So here, with some help from the UK fact-checking organisation Full Fact, is a nine-point guide to what’s really going on.

Use a real number, but change its meaning

There’s almost always some basis for numbers that get quoted, but it’s often rather different from what is claimed. Take, for example, the famous £350m, as in the “We send the EU £350m a week” claim plastered over the big red Brexit campaign bus. This is a true National Statistic (see Table 9.9 of the ONS Pink Book 2015), but, in the words of Sir Andrew Dilnot, chair of the UK Statistics Authority watchdog, it “is not an amount of money that the UK pays to the EU”. In fact, the UK’s net contribution is more like £250m a week when Britain’s rebate is taken into account – and much of that is returned in the form of agricultural subsidies and grants to poorer UK regions, reducing the figure to £136m. Sir Andrew expressed disappointment that this “misleading” claim was being made by Brexit campaigners but this ticking-off still did not get the bus repainted.

George Osborne quoted the Treasury’s projection of £4,300 as the cost per household of leaving the EU. Photograph: Matt Cardy/Getty Images

Make the number look big (but not too big)

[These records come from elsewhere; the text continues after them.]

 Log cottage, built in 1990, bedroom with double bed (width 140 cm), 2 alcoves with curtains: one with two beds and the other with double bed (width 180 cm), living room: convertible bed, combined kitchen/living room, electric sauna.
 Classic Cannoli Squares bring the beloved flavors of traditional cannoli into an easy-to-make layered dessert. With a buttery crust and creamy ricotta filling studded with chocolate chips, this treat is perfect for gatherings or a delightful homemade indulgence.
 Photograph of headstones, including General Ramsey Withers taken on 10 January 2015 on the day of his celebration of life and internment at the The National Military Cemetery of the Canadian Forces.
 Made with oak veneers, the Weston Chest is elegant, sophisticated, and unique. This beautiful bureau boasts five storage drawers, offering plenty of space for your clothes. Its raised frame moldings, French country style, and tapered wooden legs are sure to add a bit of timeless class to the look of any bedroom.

Why did the Leave campaign frame the amount of money as “£350m per week”, rather than the equivalent “£19bn a year”? They probably realised that, once numbers get large, say above 10m, they all start seeming the same – all those extra zeros have diminishing emotional impact. Billions, schmillions, it’s just a Big Number.

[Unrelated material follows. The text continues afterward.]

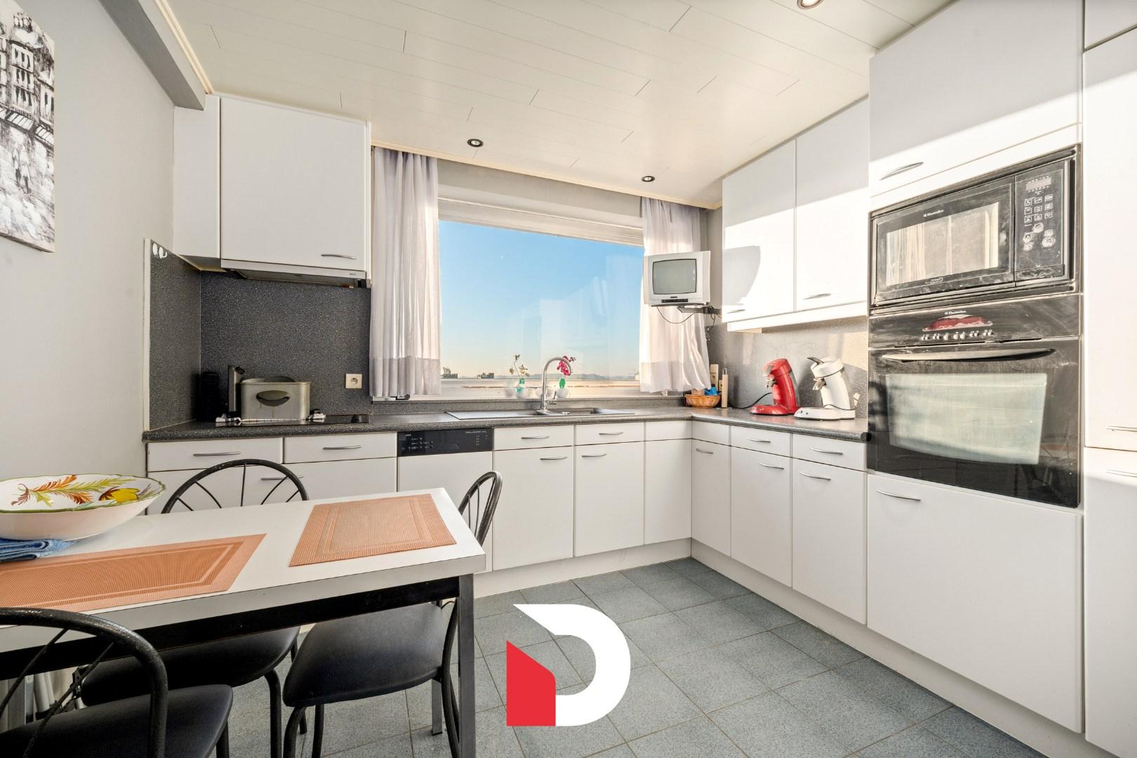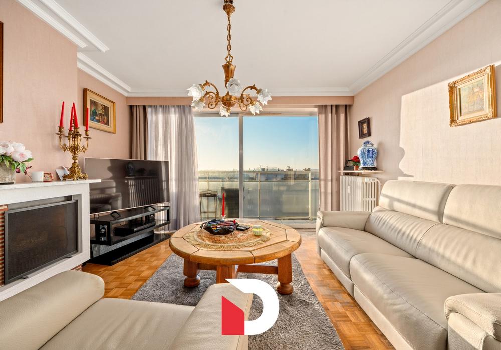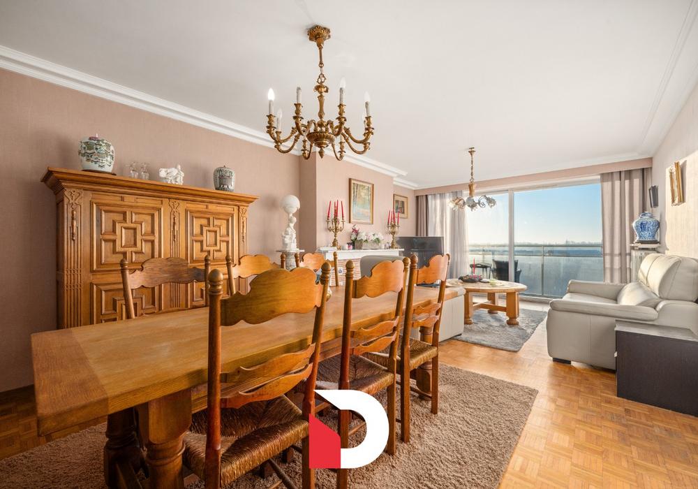 Het ruime appartement zelf (+/- 101 m²) geniet een verbluffend open zicht vanop de 6de verdieping voorzien van een zonnig terras. De leefruimtes zijn erg lichtrijk en voorzien van een parketvloer. Daarnaast is er een apart ingerichte leefkeuken voorzien van inbouwtoestellen, een badkamer, een toilet, ruime inkom met vestiairenis, 2 ruime slaapkamers, een spatieuze bergruimte/dressing en een balkon aan de achterzijde. Door de aanwezigheid van 2 terrassen, kan u de hele dag genieten van de zon!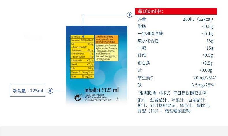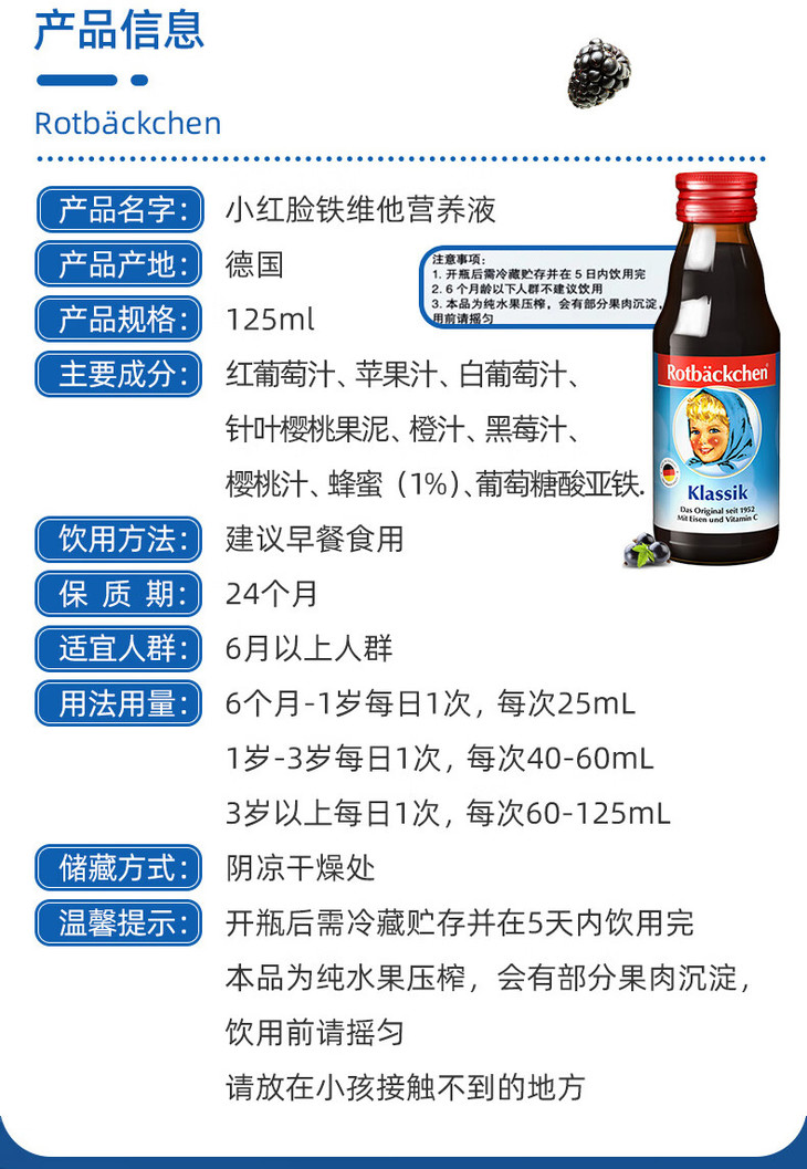 德国经典铁源,二价铁好吸收,吸收高达98%,还添加了促进铁吸收的维生素C;

Of course they could have gone the other way and said “£50m a day”, but then people might have realised that this is equivalent to around a packet of crisps each, which does not sound so impressive.

George Osborne, on the other hand, preferred to quote the Treasury’s projection of the potential cost of leaving the EU as £4,300 per household per year, rather than as the equivalent £120bn for the whole country. Presumably he was trying to make the numbers seem relevant, but perhaps he would have been better off framing the projected cost as “£2.5bn a week” so as to provide a direct comparison with the Leave campaign’s £350m. It probably would not have made any difference: the weighty 200-page Treasury report is on course to become a classic example of ignored statistics.

Recent studies confirmed higher death rates at weekends, but showed no relationship to weekend staffing levels. Photograph: Peter Byrne/PA

Casually imply causation from correlation

In July 2015 Jeremy Hunt said: “Around 6,000 people lose their lives every year because we do not have a proper seven-day service in hospitals….” and by February 2016 this had increased to “11,000 excess deaths because we do not staff our hospitals properly at weekends”. These categorical claims that weekend staffing was responsible for increased weekend death rates were widely criticised at the time, particularly by the people who had done the actual research. Recent studies have confirmed higher death rates at weekends, but these showed no relationship to weekend staffing levels.

Choose your definitions carefully

On 17 December 2014, Tom Blenkinsop MP said, “Today, there are 2,500 fewer nurses in our NHS than in May 2010”, while on the same day David Cameron claimed “Today, actually, there are new figures out on the NHS… there are 3,000 more nurses under this government.” Surely one must be wrong?

But Mr Blenkinsop compared the number of people working as nurses between September 2010 and September 2014, while Cameron used the full-time-equivalent number of nurses, health visitors and midwives between the start of the government in May 2010 and September 2014. So they were both, in their own particular way, right.

‘Indicator hopper’: Health secretary Jeremy Hunt. Photograph: PA

Use total numbers rather than proportions (or whichever way suits your argument)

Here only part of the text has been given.